Помню, что там в это время сидел П.Г. Москатов,
который тогда являлся председателем Ревизионной комиссии ЦК
партии. Мне эта встреча была очень интересной, потому что
Москатов работал начальником у моей матери в двадцатых годах,
когда она была комсомолкой, депутатом Моссовета.
И мать ходила к
нему в 1952 г. по поводу арестованного отца. Москатов выслушал ее
и сказал, что он во всем разберется. Он вызывал, действительно,
отцовского следователя (а, может быть, не вызывал, а звонил ему по
телефону) и сказал матери, что он, Москатов, убедился в том, что
отец мой виновен.
Так вот, сейчас этот Москатов сидел против меня, а я, уже три
года обуреваемый жаждой писательства и исписавший огромное количество ненапечатанных
повестей и рассказов — очень слабых, ученических, — пришел к Панферову со своей первой серьезной вещью
— с циклом рассказов «Будни и праздники» о железной дороге
Абакан—Тайшет.
Писал я эти рассказы под явным всецелым влиянием Бабеля и Хемингуэя и
думал показать Федору Ивановичу. Он
тогда уже был очень болен, с желтым лицом, иссеченным глубокими, видимыми, осязаемыми черными морщинами.

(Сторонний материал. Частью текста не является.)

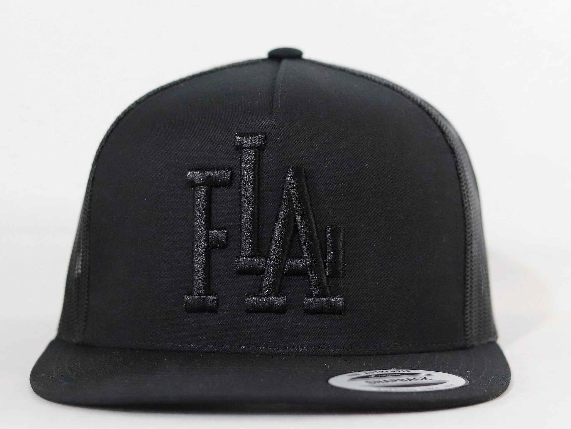This all-black mesh trucker hat features a high-contrast puff embroidery of the bold “FLA” interlock—clean lines, street-inspired, and unapologetically Florida. Built on a structured snapback with a flat visor and classic mesh back for breathability. Whether you're repping the state or just vibing with the look, this lid speaks loud without saying a word.

Волосы пегие курчавые, хранившие в себе какой то задор двадцатых комсомольских
годов — так, во всяком случае, мне тогда казалось.
Когда мы пришли,
С.В. продолжал разговор с Москатовым и Панферовым. Я сидел в
сторонке, наблюдая их. Москатов говорил много и страстно о XX
съезде, говорил как король из сказки Шварца, — грубовато,
по-мужицки просто, с лубочным мужицким юмором.
Потом он стал говорить о том,
каким должен быть молодой человек, каким он помнит
себя всю жизнь. Панферов слушал его, закуривая одну папиросу
следом за другой, опустив глаза, тяжело посапывая.